Would you retype, word for word, only the lines from the one holding "Dây thay thế" through the final line of the entries below, without the pictures?

+++ Task data

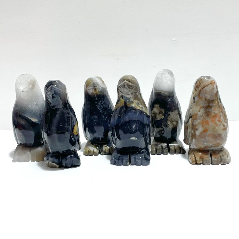 We sell our fluorescent volcanic agate penguin carving in lots that are 5pcs, you will get the same of stones as in the photo and video.
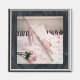White piano serves as a backdrop for a silver flute, sheet music, pink ballet shoes, pink roses and petals. Set in a matte silver frame on a black satin background. Stylised digital design for you to enjoy.
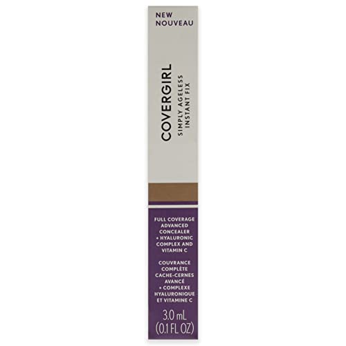 Put your freshest face forward with Covergirl Simply ageless instant Fix advanced concealer. This full coverage concealer instantly improves the look of skin by hiding dark circles and smoothing fine lines. Skin looks healthier and more hydrated thanks to the formula with hyaluronic complex and Vitamin C, and the soft tip applicator Helps blend for flawless coverage. Pro-tip: pair with Covergirl Simply ageless 3-in-1 foundation to create a timeless makeup look with nourishing skin care benefits.
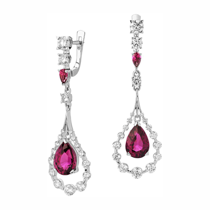 Серьги из белого золота 750 пробы с родолитами и бриллиантами 01С673598-3
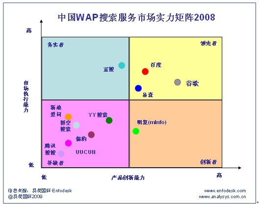 2008年WAP搜索市場(chǎng)中處于務(wù)實(shí)者象限的主要廠商是宜搜。2008年宜搜年收入占整個(gè)WAP搜索市場(chǎng)的36%。這主要?dú)w因于宜搜在整個(gè)2008年在市場(chǎng)推廣和營(yíng)銷方面投入了大量的人力以及資金投入。
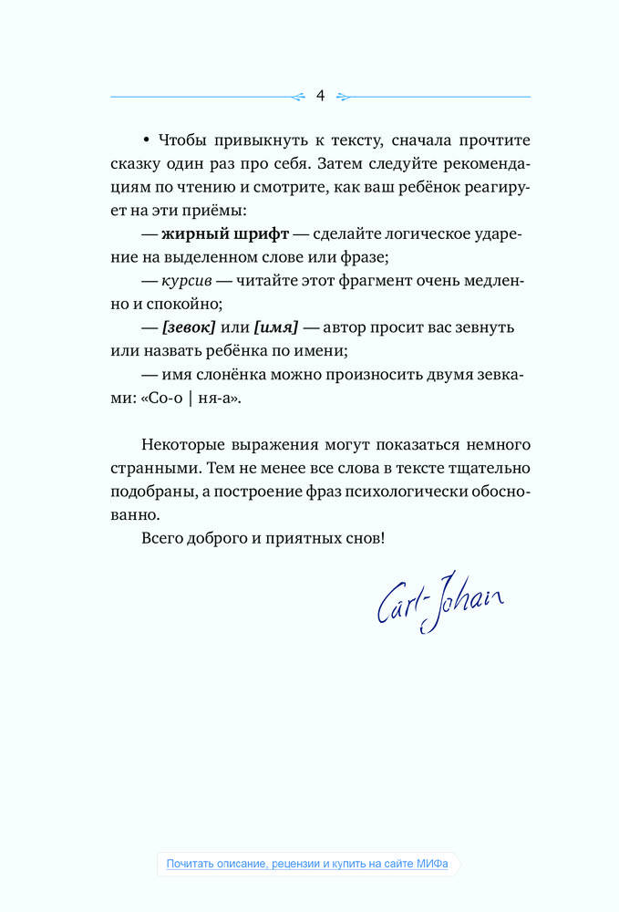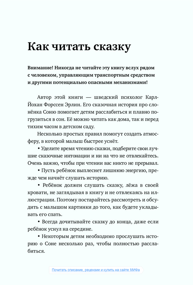 Книга красивая, хорошо сделана. Картинки милые и добрые. Дочке понравилось. На счет чудодейственного засыпания не знаю, не помогло. Вроде все по методике делала. Хотя пока читала сама чуть не уснула, зевать постоянно надо. Но все равно 5, приятное чтение на ночь!
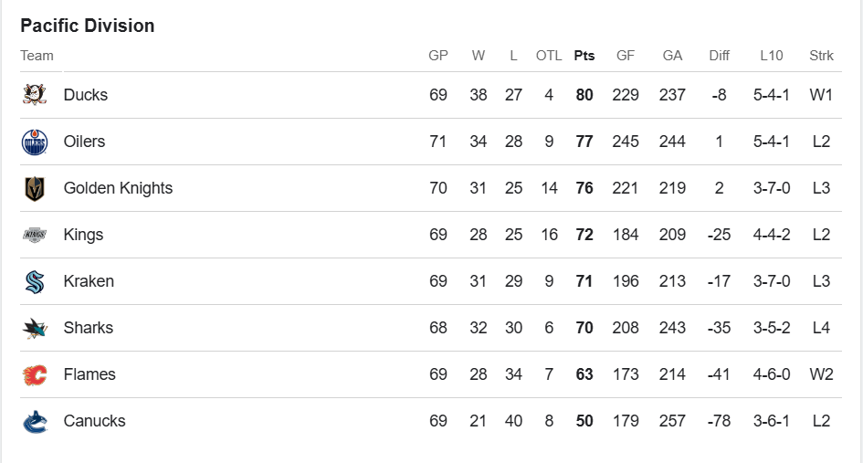 Глянул, что у вас там в пацифике. Лучше всех дела у Анахайма за счет побед в основное время. У ЛА хуже: (допустим) при равенстве очков в будущем у них худший тайбрейк по победам. У Сан Хосе хорошие шансы пока. 3 игры в запасе до Вегаса при -6 очков. К сожалению, проигрывают чаще, чем они.
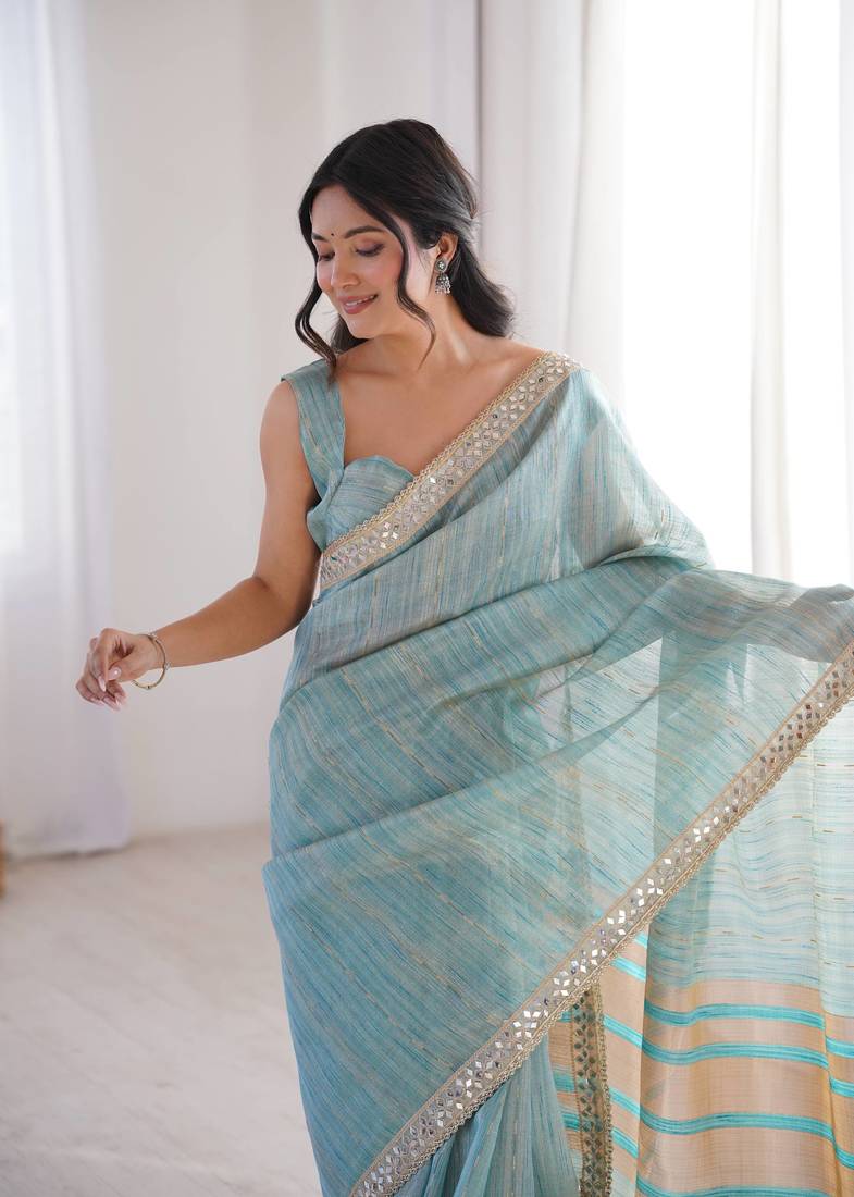| Product Name | Sky Blue Jari Dori Embroidery Cotton Saree With Mirror Work | |
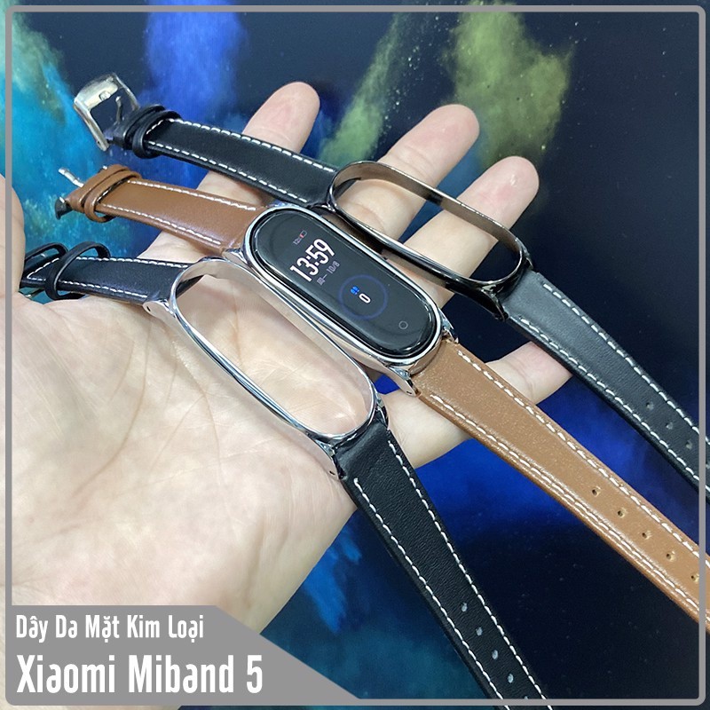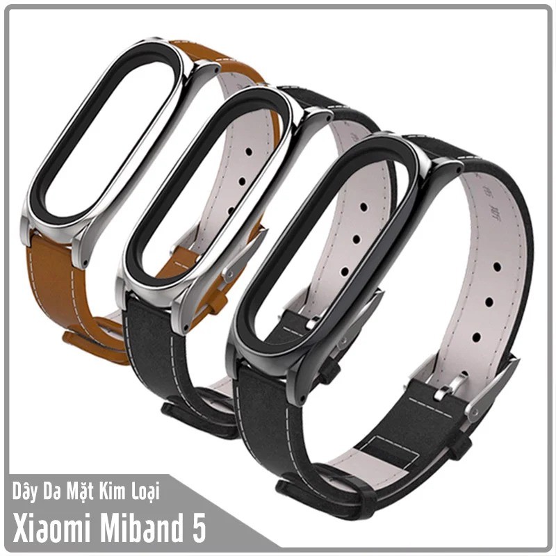 Dây thay thế cho Xiaomi Miband 5 Mijobs dây da mặt kim loại
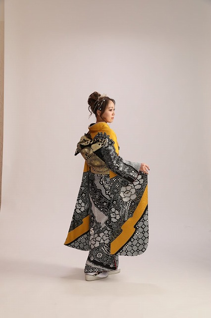 後ろ姿でも黄色と絞り柄の入り方がおしゃれで
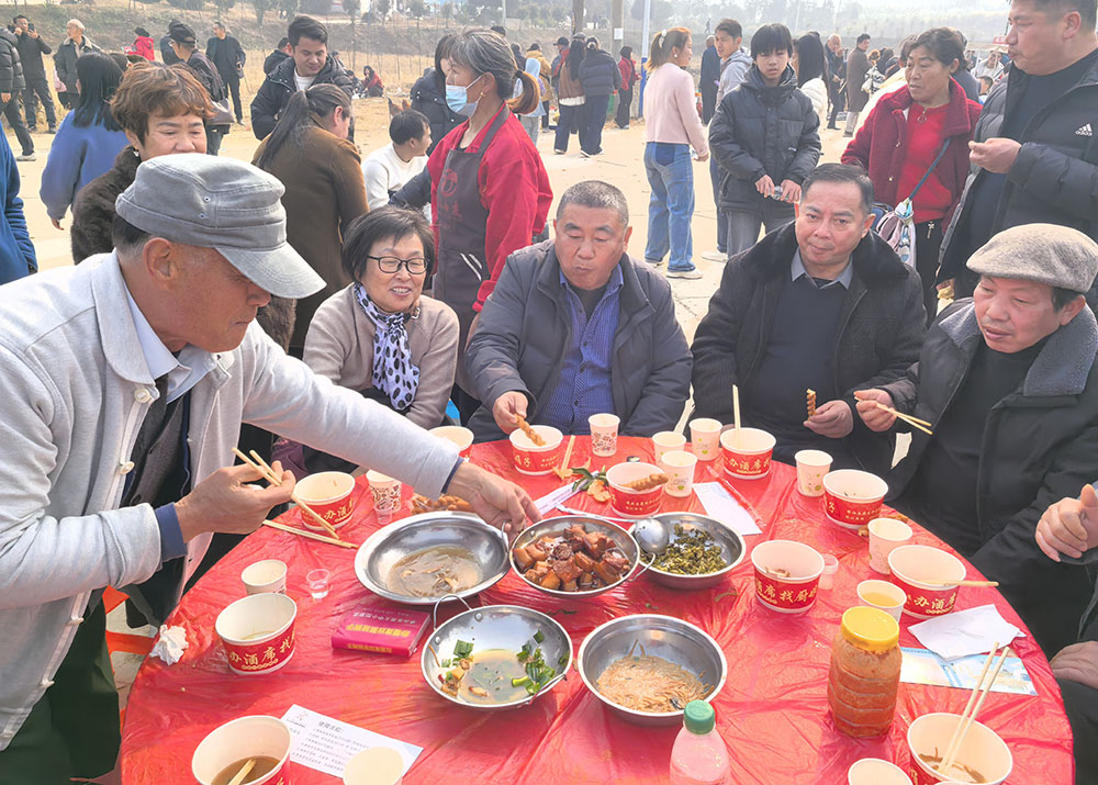 为保障活动安全有序开展,双溪桥镇政府提前协调公安、交警现场值守,市场监管部门全程监督食品安全,并组织百余名由镇村干部、返乡人员组成的“红马甲”志愿者活跃在各个环节,负责引导交通、维护秩序、端菜洗碗等服务工作。同时,40户村民主动为外地游客提供免费住宿,展现出当地淳朴热情的乡风民情。
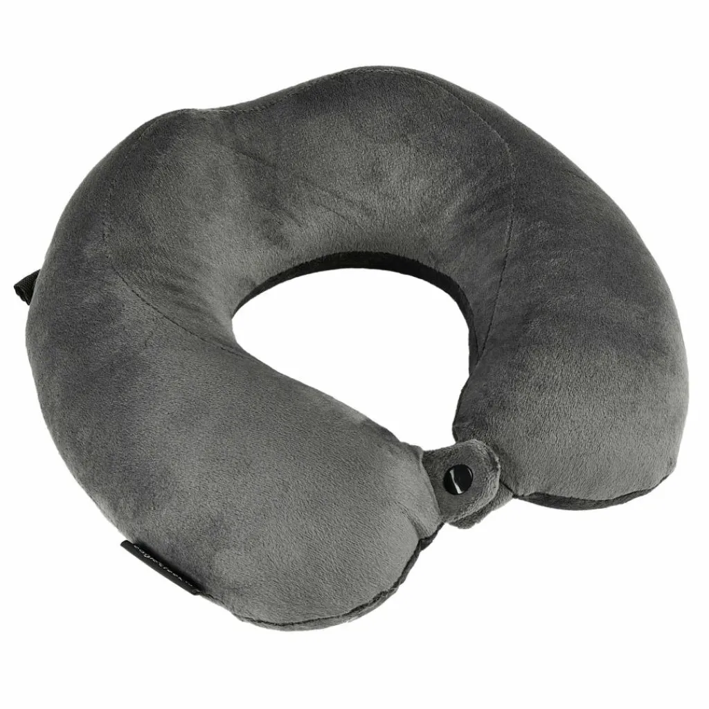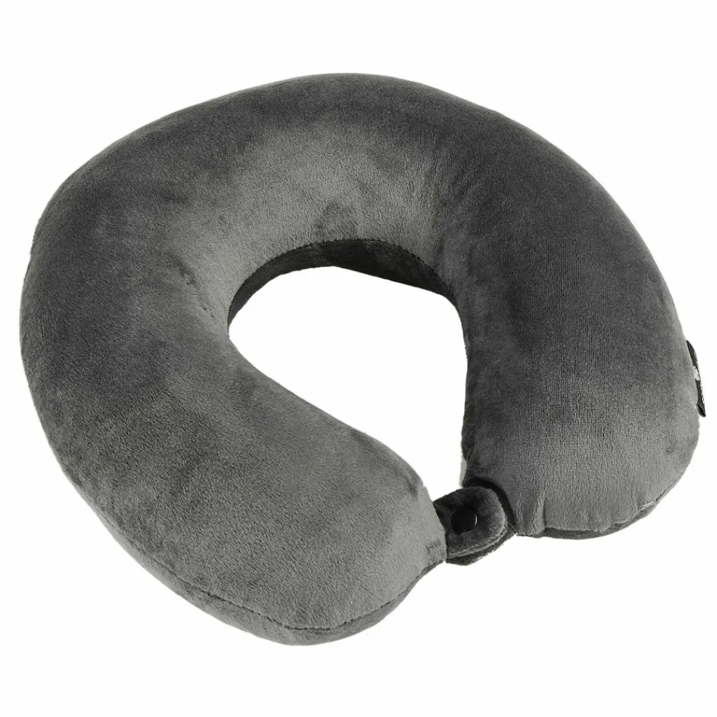 Das ergonomische Design des Nackenkissens stützt den Kopf zur Seite und nach hinten ab. Am Hals kann das Kissen durch einen Druckknopfverschluss verbunden werden, damit es sich nicht verdreht. Lange Bahn-, Auto- und Flugreisen können so bequemer überbrückt werden, sodass du am Ziel ausgeruhter ankommst. Während des Transports kannst du das Kissen an der Gurtbandschlaufe befestigen. Nach der Reise kann der Kissenbezug aus Microfleece abgenommen und gewaschen werden.

++++++

§ **Written answer**
 Dây thay thế cho Xiaomi Miband 5 Mijobs dây da mặt kim loại
 後ろ姿でも黄色と絞り柄の入り方がおしゃれで
 为保障活动安全有序开展,双溪桥镇政府提前协调公安、交警现场值守,市场监管部门全程监督食品安全,并组织百余名由镇村干部、返乡人员组成的“红马甲”志愿者活跃在各个环节,负责引导交通、维护秩序、端菜洗碗等服务工作。同时,40户村民主动为外地游客提供免费住宿,展现出当地淳朴热情的乡风民情。
 Das ergonomische Design des Nackenkissens stützt den Kopf zur Seite und nach hinten ab. Am Hals kann das Kissen durch einen Druckknopfverschluss verbunden werden, damit es sich nicht verdreht. Lange Bahn-, Auto- und Flugreisen können so bequemer überbrückt werden, sodass du am Ziel ausgeruhter ankommst. Während des Transports kannst du das Kissen an der Gurtbandschlaufe befestigen. Nach der Reise kann der Kissenbezug aus Microfleece abgenommen und gewaschen werden.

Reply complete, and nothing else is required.